With the votes still being counted from Super Tuesday, presidential candidates yesterday began setting their sights on the remaining states - including Ohio, one of the biggest delegate troves before the party conventions in August.
The Ohio primary on March 4 will follow a two-week period with no other state primaries - the longest such gap in the primary/caucus schedule.
"It's an open election," said Jon Stainbrook, a Toledo Republican activist and supporter of John McCain for the Republican nomination. "Everybody's got to make the visits here. They've got to have face time. They're going to have to press the flesh."
Democrats Barack Obama and Hillary Clinton, running nearly even after the nationwide smattering of primary elections and caucuses Tuesday, both made references to the upcoming Ohio primary on their Web sites yesterday.
And Republican Mitt Romney, seen as finished by many pundits after his drubbing by John McCain, claimed he sees Ohio as fertile ground.
Frank Szollosi, a Democratic Toledo councilman and a political consultant, said Mrs. Clinton has organizations throughout the country that served her well on Tuesday, while Mr. Obama succeeds when he makes direct contact with voters - something he'll have time to do before March 4.
"One thing that favors Obama is he'll have time to campaign in these states," Mr. Szollosi said.
"Winning Ohio will provide some bragging rights and a bounce. Whoever wins [Ohio], regardless of how the delegates are split, they're going to generate a lot of momentum," he said.
The Democratic nominee, to avoid a brokered convention, will need 2,025 delegates, while the Republican nominee will need 1,191 delegates.
Ohio will contribute 162 Democratic delegates. Of those, 92 will be awarded based on the proportion of the vote in the primary by congressional district. The other 70 are delegates by virtue of the offices they hold, such as congressman, governor, and party chairman, or by appointment by party officials.
The 88 Republican delegates will follow a modified "winner-take-all" process with all 34 at-large delegates awarded to whoever wins a majority of the votes statewide and 54 awarded by congressional district with all three delegates in each district going to the winner of that district.
There will be a long time for the candidates to court Ohio.
The biggest groups of primaries before March 4 are in Washington, the Virgin Islands, Louisiana, Kansas, and Nebraska on Saturday; Maine on Sunday; Maryland, Virginia, and the District of Columbia on Tuesday; Guam on Feb. 16, and Wisconsin and Hawaii on Feb. 19.

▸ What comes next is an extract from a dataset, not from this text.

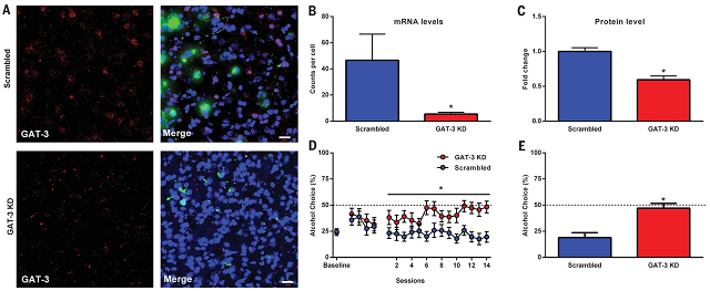 2018年6月22日,Science杂志刊登了瑞典Linköping大学M. Heilig研究组的最新工作[4],他们建立了一种新的行为学范式,让大鼠在酒精与甜水之间做出选择,筛选出了一些“酒鬼”鼠模型,并发现“酒鬼”鼠中央杏仁核(CeA)中γ-氨基丁酸转运体-3(GAT-3)表达量显著降低,敲除正常大鼠CeA中GAT-3会诱发其酒瘾。
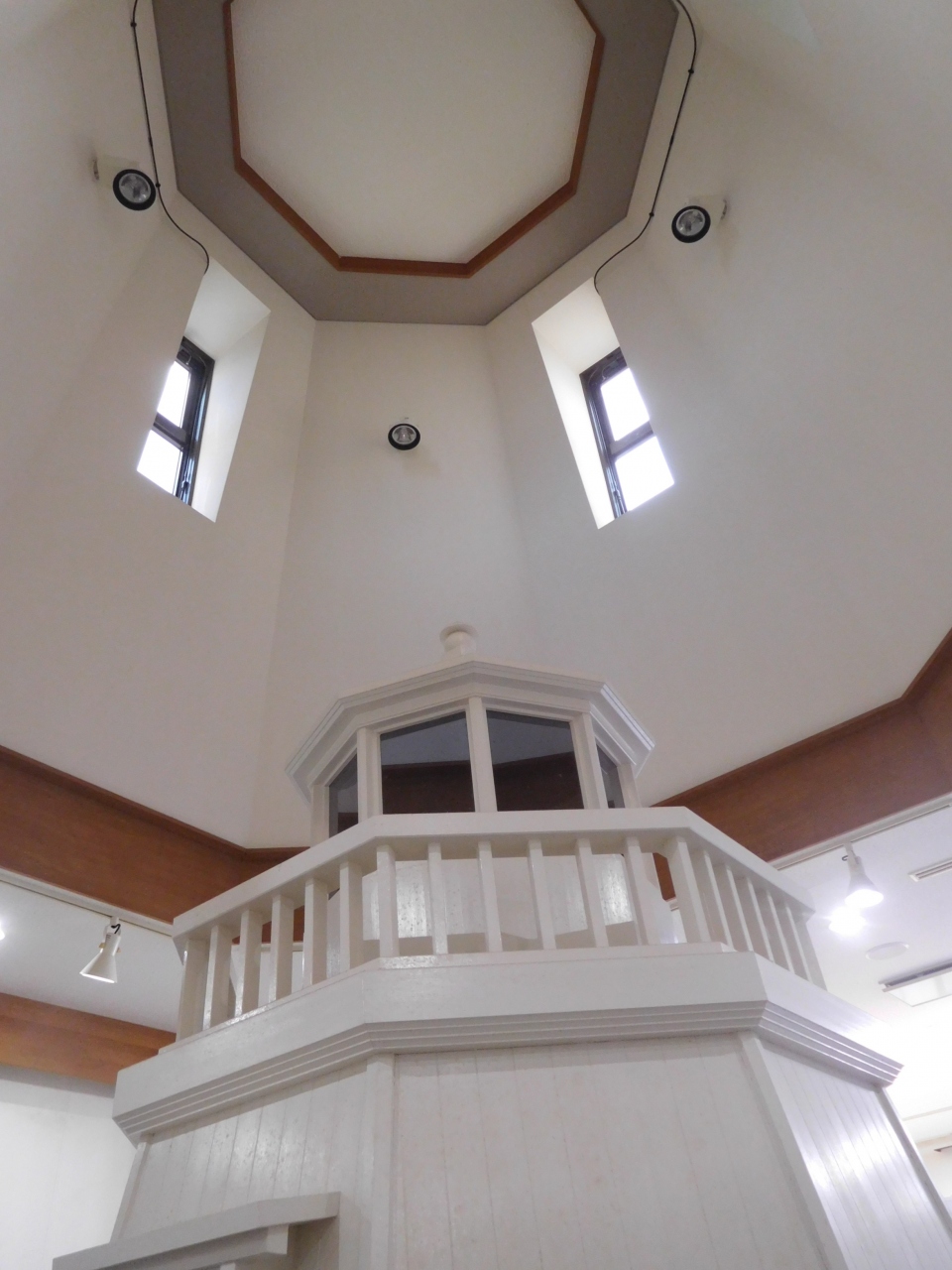 灯台の形を模した天井部分や模型も印象的。

Also holding primaries March 4 are Texas, Rhode Island, and Vermont.
According to a statement issued by the Clinton campaign, Mrs. Clinton performs well in large state primaries, such as Ohio's, and she enjoys the endorsement of Ohio's Democratic governor, Ted Strickland.
The Obama campaign's new director, Paul Tewes, said Mrs. Clinton has big-name supporters, but Mr. Obama has "longstanding grass-roots support in the state [that] will translate into a formidable organization."
On the Republican side, Mr. Romney described Ohio in a campaign memo yesterday as "favorable terrain" because its economy is similar to Michigan's, which he won Jan. 15.